Читать «Как затеяли мужики за море плыть» онлайн - страница 178

Сергей Васильевич Карпущенко

— Ohe, Perses! Vendez-nous vos barbes pour les filasses![11]

— Non, pas pour les filasses, Pierre! Nous en ferons un bon balai![12]

— Perses, Perses! Vous faut-il apporter des ciseaux ou les couperez-vous les haches?[13]

Мужики понимали, что над ними смеются, но молчали и только пошмыргивали носами, в перебранки не вступали, поспешали в сторонку отойти, или кто-нибудь с укоризной говорил:

— Ну чего привязались, как репей? Али время есть для пустомельства? Шли бы лучше устерсы свои лопать, белендрясники.

Но однажды Суета не выдержал, схватил двоих, неосторожно приблизившихся к нему матросов, сквозь зубы яростно сказал:

— А ну-кась, сударики, поспокойней будьте! А то попишу на рожах ваших оным перышком, — и, больно столкнув их лбами, показал кулак свой с трехфунтовое ядро величиной.

Французы за своих обиделись, хотели было устроить «персам» трепку, но потом рукой махнули, решив, наверно, что связываться с варварами так же глупо, как спорить с младенцем или сумасшедшим. Однако были теперь гораздо осторожней.

Зато уж Мавра нарадоваться не могла тому, что в общество приличное попала. Всегда окруженная матросами или корабельными начальными людьми, счастливая, смеялась громко, будто понимая смысл тех шуток, которыми её французы угощали. Любила сиживать она на мягком, удобном стуле, вынесенном для неё из кают-компании, в своем нарядном платье, розовом, богато отделанном кружевами. В шляпке сидела, ногу на ногу положив. Нарумяненная, раздобревшая, красивая, как рысь матерая в зимней пышной шкуре. На ножке туфелька атласная, красный обтяжной чулок с узорами. Мавра, ножки свои любя, скрывать их не желала и то и дело подол, будто поправляя, поднимала, показывая заодно и низок панталон, кружевом обделанных, которыми разжилась в Макао, и, гордая приобретением своим, тем, что стала по всем статьям заморской барыней, всем лицезреть давала свою обновку.

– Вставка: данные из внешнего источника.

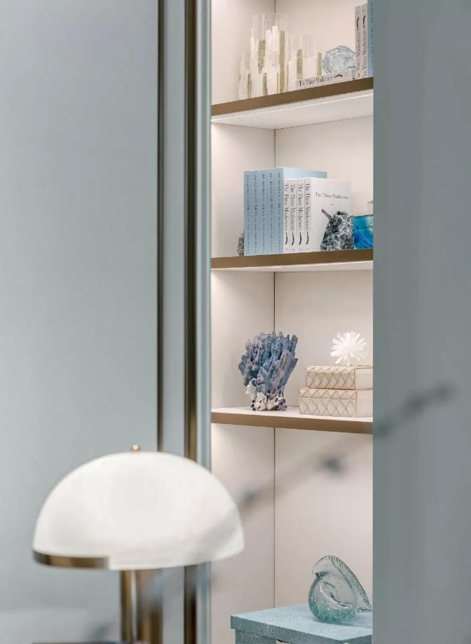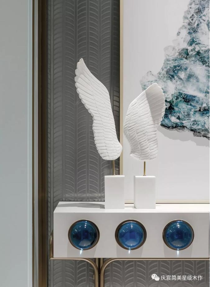 入户玄关是一副精致细腻的背景画,搭配白色艺术摆件,现代人居住需求不仅要具备时尚美感,还要充满色彩艺术,就好像生活,既要有平静的时光,又要点缀意外的惊喜。这一抹巧妙的蒂芙尼蓝点缀在玄关,纯粹柔和清新灵动,足以装点一天的好心情。生活,需要艺术的参与。
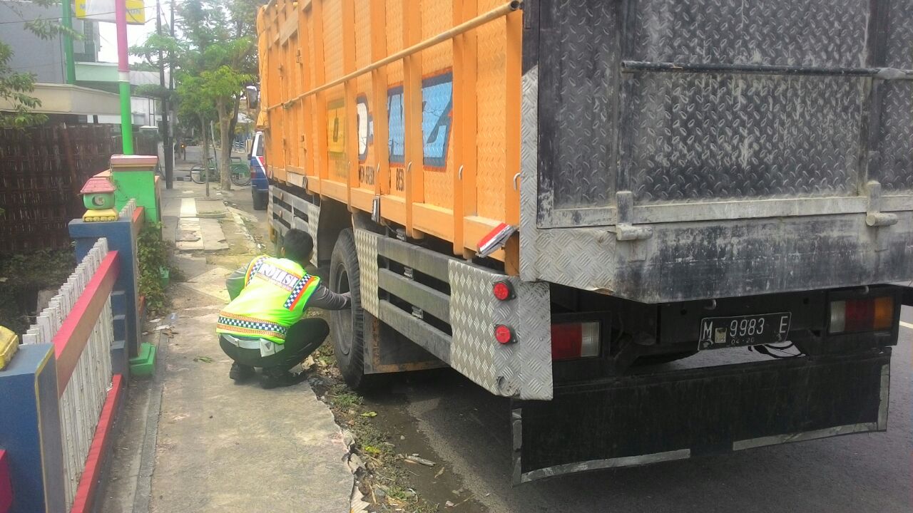 Polisi Gembosi Truk yang Parkir di Pinggir Jalan

Матросы же на Мавру взирали с восхищением, порхали вокруг красавицы, попеременно над ней склонялись, шептали что-то, подмигивали, улыбались, ручки целовали, угощали фруктами, конфетами, китайскими сластями разными, на которые и сами были падки. Мавра подношенья принимала как должное и только руку подавала в знак благодарности своей для поцелуя. Матросы восхищались ещё пуще, шаркали ногами, языками цокали и бежали добывать для «азиатской мадемуазели» лакомства в надежде на награду, получаемую без проволочек.

— Вань, — не выдержал как-то Хрущов, — чтой-то милка твоя больно резвой стала. Не ровен час, она тебе красу бычачью на голову. Вижу, ажно из платья рвется, того и гляди голяком побежит по палубе.

— А тебе чего? — огрызался Иван. — Твоя, что ль, печаль?

— Да нет, твоя, конечно. Сие я так, предупреждаю. Французики — народ проворный… спроворить могут. Я вот от ихней болезни пакостной все исчелиться не могу, кабы и она не подхватила…

— Петр Лексеич, считаю её бабой уж в уме недетском, к тому ж человек она свободный, ничем со мной не связана и вправе делать так, как повелевает её рассудок и природа.